Aluno muda de escola, mas tem perfil violado

Flori Antonio Tasca

Há casos em que o aluno troca de escola para se livrar de uma situação negativa que ali experimentava e, algum tempo depois, uma situação inesperada faz com que dramas já esquecidos sejam reavivados. Isso pôde ser observado no julgamento da Apelação Cível 1008651-79.2017.8.26.0625, conduzido no dia 05.11.2020 pela 34ª Câmara de Direito Privado do Tribunal de Justiça de São Paulo, sendo relator o desembargador Tercio Pires. 

Trata-se de um aluno que havia sido vítima de bullying na sua escola anterior, situação que lhe trouxe desmotivação e dificuldades de aprendizagem. Houve uma reunião entre a psicóloga do aluno e a coordenação pedagógica da escola, mas isso não teria cessado os problemas, a ponto de, nos meses seguintes, as sessões terapêuticas serem focadas em relatos de bullying, confusões, discriminações e exclusões ocorridas no ambiente escolar, tanto por parte de colegas como de funcionários. As dificuldades de aprendizagem se intensificaram e isso fez com que a família optasse por transferir de escola o aluno.

Na nova escola, o aluno apresentou, de fato, melhora em seu quadro clínico. Contudo, uma situação inesperada emergiria de sua antiga escola e colocaria a perder o avanço psicológico que ele havia apresentado. É que, menos de seis meses após a transferência, ele passou a receber mensagens com impropérios e ameaças de outro aluno da sua antiga escola. Esse aluno o acusava de ter feito postagens ofensivas à irmã dele em uma plataforma interna daquela escola, tendo inclusive lhe passado os prints que comprovavam a alegação. O aluno que havia sido transferido reconheceu que as postagens haviam sido feitas com o seu perfil naquela plataforma, mas alegou que não havia sido ele o autor, pois não estudava mais lá e nem tinha motivo para acessar aquele espaço. Na verdade, ele havia até sido informado de que o seu login seria cancelado após a sua saída.

Imediatamente, ele comunicou a sua família que, por sua vez, entrou em contato com a antiga escola para solucionar o problema e identificar o real autor daquelas postagens. Contudo, a escola teria se mantido inerte, embora várias vezes instada a agir. Isso fez com que a família lavrasse boletim de ocorrência, com oferta de representação criminal. Além de tudo, a situação fez com que o aluno regredisse em seu tratamento psicológico, o que era atestado pela profissional que o acompanhava. Em consequência, ajuizaram também uma ação contra a escola requerendo reparação pelos danos morais provocados.

Em primeira instância, o pedido foi acolhido e a escola foi condenada a pagar reparação no valor de R$ 10 mil. Houve interposição de recurso, no qual a escola sustentou que a vítima do evento é a aluna ofendida e o que dono do perfil é o “principal suspeito”, pois não comprovou a sua não participação no evento e a utilização de seu login e senha era intransferível. Alegou ainda que agiu de forma diligente, com imediata exclusão das mensagens, e que não houve repercussão do fato, por ter ocorrido durante as férias escolares. Afirmou também que o aluno autor da ação tinha problemas de adaptação.  O aluno também apresentou recurso, requerendo a majoração do valor da reparação.

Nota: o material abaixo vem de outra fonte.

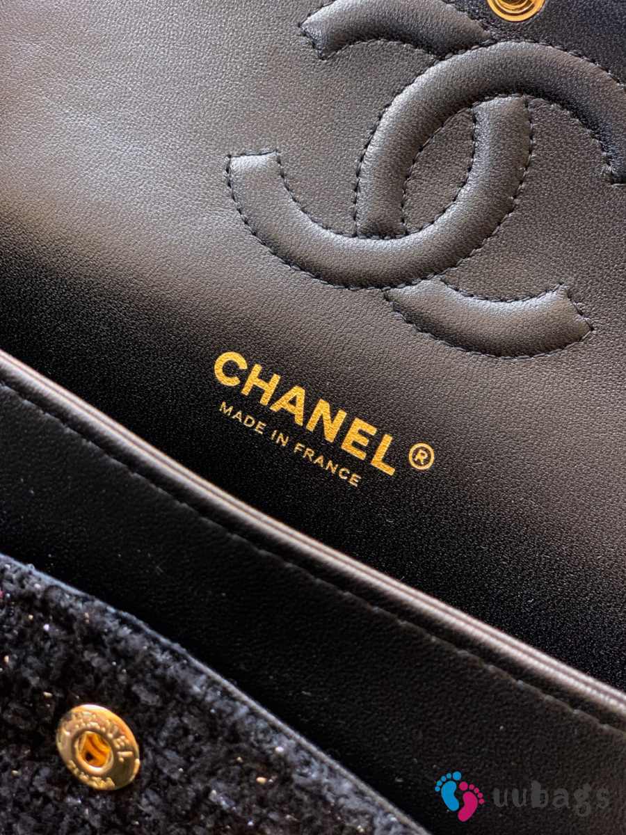 Uubags Chanel Classic Medium Handbag Cotton Tweed Black 25cm
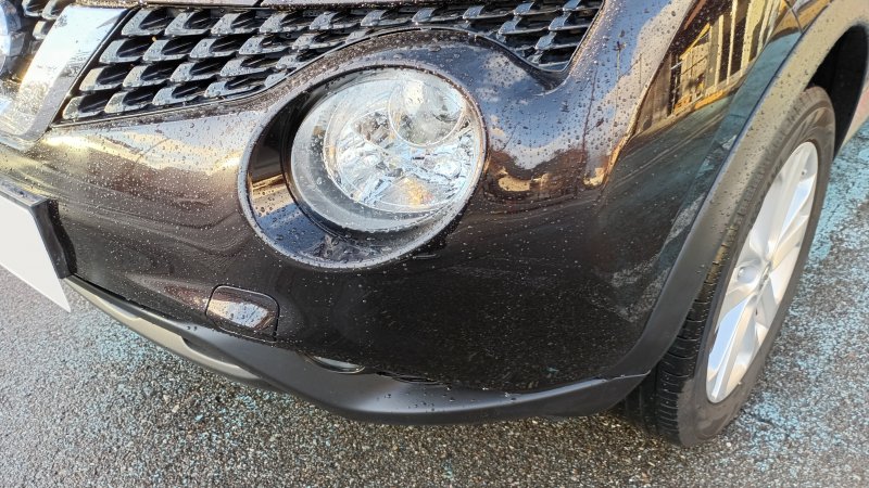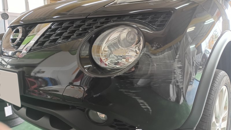 日産のジュークでフロントバンパーの修理で入庫しました。
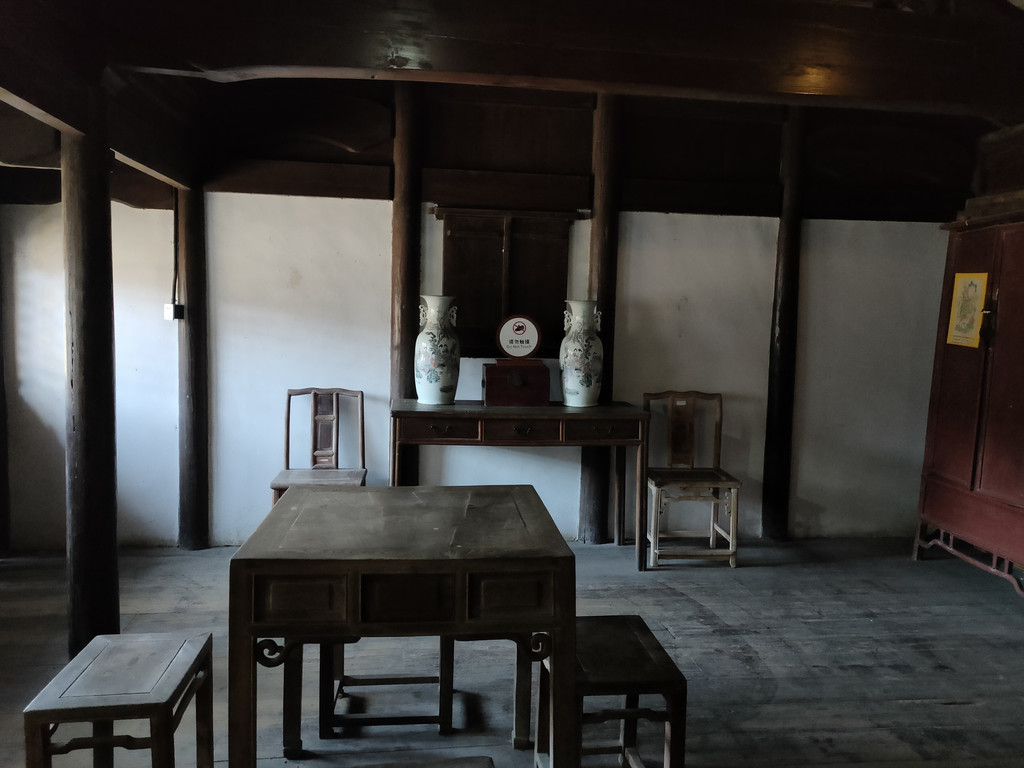 第二进是楼房,楼上用作卧室。原来的建筑物破损比较严重,局部经过了改建,还保持着原来的风貌。床是架子床,框架上有着精美的雕刻。

O relator observou que a escola admitiu ter como praxe cancelar o login e a senha dos alunos que se desligam da instituição, o que é feito pelos professores, mas, se um deles se esquecer de fazer o cancelamento, o aluno continua tendo acesso. Também ponderou que a escola não demonstrou interesse na apuração do fato, preferindo responsabilizar o ex-aluno, sendo que havia sido ele quem procurou a escola para resolver o problema. As mensagens foram excluídas sem que se buscasse pelo IP do responsável por elas. Apesar de alegar agilidade e diligência, o relator considerou que havia respostas evasivas e descaso por parte do educandário, considerando, assim, correta a sua responsabilização.

Foi destacada a insistência da escola em afirmar que o aluno não havia comprovado a sua não participação no evento, além da sugestão de que ele tinha problemas de adaptação, como evidência da falta de interesse da instituição em descobrir o autor das mensagens. Lembrou-se da indiferença da escola em relação ao aluno na questão do bullying sofrido por ele e que havia motivado a sua transferência. O relator aproveitou para citar também o relatório de encaminhamento psicológico do aluno, o qual constatava o seu retrocesso comportamental após o que foi chamado de violação do seu perfil na antiga escola.

Diante desse cenário, entendeu-se não apenas que uma reparação era devida ao aluno como, inclusive, ela merecia ser majorada, em relação ao valor fixado na origem. Assim, o relator sugeriu o quantum reparatório de R$ 12 mil, com o que concordaram os demais membros do colegiado.